Author: Chris Stewart

“Dr. Marco Nutrice. M-A-R-C…”

The council chairman, rumpled and sleep-deprived, interrupted, “Doctor Nutrice.”

The witness, far chipper, countered.

“Noo-trees”

“Pardon?”

“It is pronounce, noo-trees.”

“My apologies, Doctor.” Sighed the chairman. “We will skip the formalities. All of us are aware of who you are.”

“As I say three years ago…”

“Doctor, we know, nobody listened to you then. We know you were all but tossed out of the building. However…”

Another voice, further down the long desk cut in. “Mr. Chairman, I’d…”

“We discussed this already, Dale! Asked and answered!”

“Mr. Chairm…”

“Screw you, Dale! You think we want this? This is where we wanted to be? We are out of ideas and Object 445c is three years closer to dropping in to say howdy!” The louder he talked, the gooier his accent became.

“Why are you even here, Dale? Got a better plan?!”

“Well, no, but…”

“Christ on a crutch, Dale…”

The chairman fumed at the other member for a full half-minute, the gallery murmuring quietly until finally, he banged his gavel.

“Doctor. For expediency, I will summarize. Please clarify if I overlook anything, or otherwise mischaracterize your… proposal.”

Shuffling a well-read sheaf of papers, the chairman looked dejectedly at the rest of the council, then exhaled slowly.

“In the years since Object 445c was detected entering our solar system, a great many resources have been devoted to the matter. The world’s finest minds have conceived of and carried out numerous attempts to spare us calamity, and they have all failed. The last few projects remain, but continued data collection on Object 445c has made it clear they are certainly going to fail as well. As such…”

HONK!

Every head in the vaulted room snapped towards the nose-blowing sound.

“Dale, that’s it. Get the hell out! Bailiff! No, I mean it. You sonnovabitch, out!”

After several minutes and a surprising struggle; “As such, we have asked you back, Dr. Nutrice, to revisit your proposal on, ah…”

“Acquired Savant Syndrome.”

“Goddamn. You know what, I just can’t.

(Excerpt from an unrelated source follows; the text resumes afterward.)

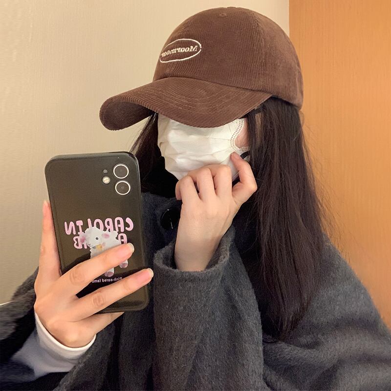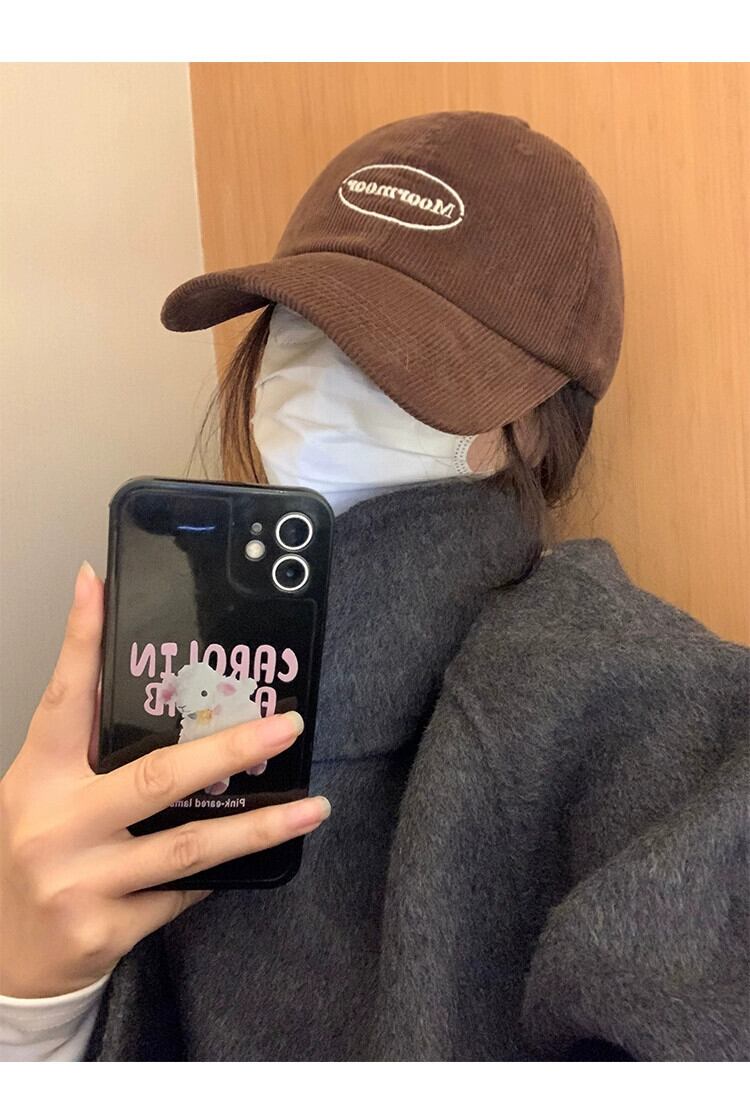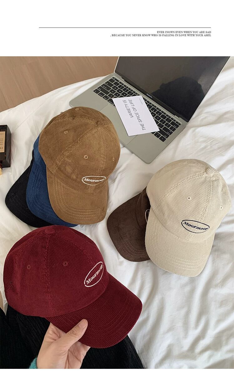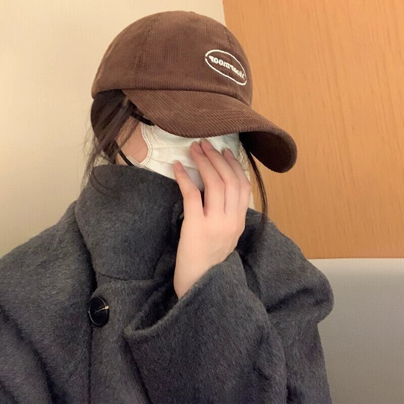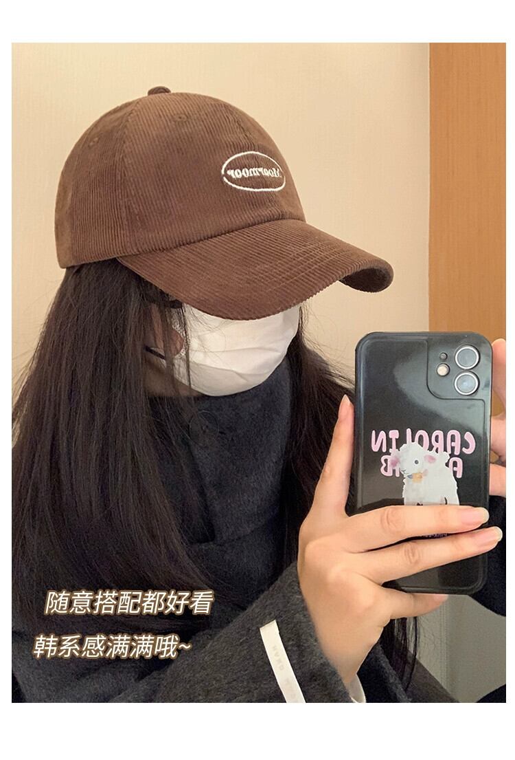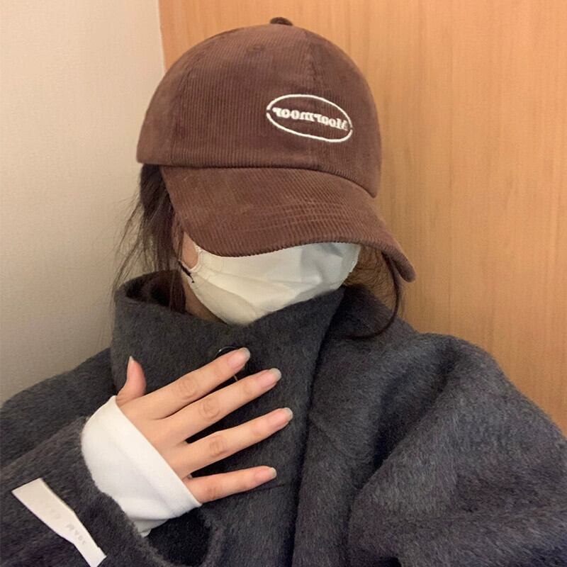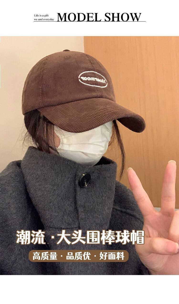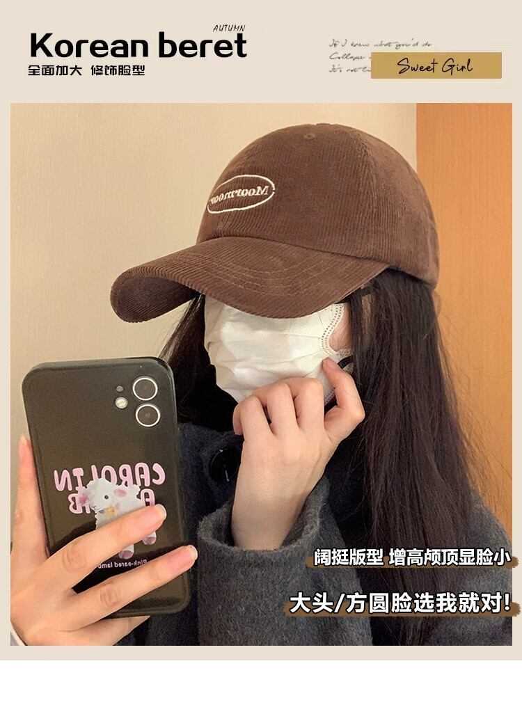 秋冬コーデュロイ文字刺繍ベースボールキャップレディース、ストリートファッション、汎用性の高いつば広ピークドキャップメンズ、バージョン、小顔 レッド オータム 秋物 ウィンター 冬物 15dd44170019156

Doctor, briefly, if you please.”

“Well, simply, we take volunteers, and we hit them on the head.”

The chairman, looking decades older, sighed. “Uh-huh. Continue.”

“See, in a small fraction of massive brain contusions, the patient recover, but now they have surprising talents. Some familiar, like math. Others, strange, like seeing music as physics. All of them bring fresh perspective to science! So, we use volunteers to try and make these savants, and we give humankind big leap forward in short time!”

Another council member leaned into their microphone. “Doctor, you propose we take a mallet to the heads of thousands…”

“Millions better. And not mallet, but si, hitting very hard.”

“Dear god. Millions. For the wholesale creation of minds capable of saving us from Object 445c?”

“Si.”

In the uproar, the chairman skipped his gavel, picked up his desk lamp and proceeded to smash it onto the desk. In the new quiet, he continued.

“Correct me if I’m wrong, Doctor, but your proposal will kill millions, cripple thousands…”

“Sadly.”

“For a few hundred beautiful minds in the hopes they can build us a fusion cannon or some shit.” The accent was dripping.

“Si.”

“Why would anyone volunteer, Doctor?”

“To be in history books? And their families, we take care of them.”

Someone on the council sobbed.

“Heaven help us, we are desperate, Doctor. But what if you’re wrong and we don’t stop Object 445c?”

Doctor Nutrice smiled, too big.

“Ah, the best reason to volunteer! If it no work, unlucky volunteers, they will instead be the lucky ones!”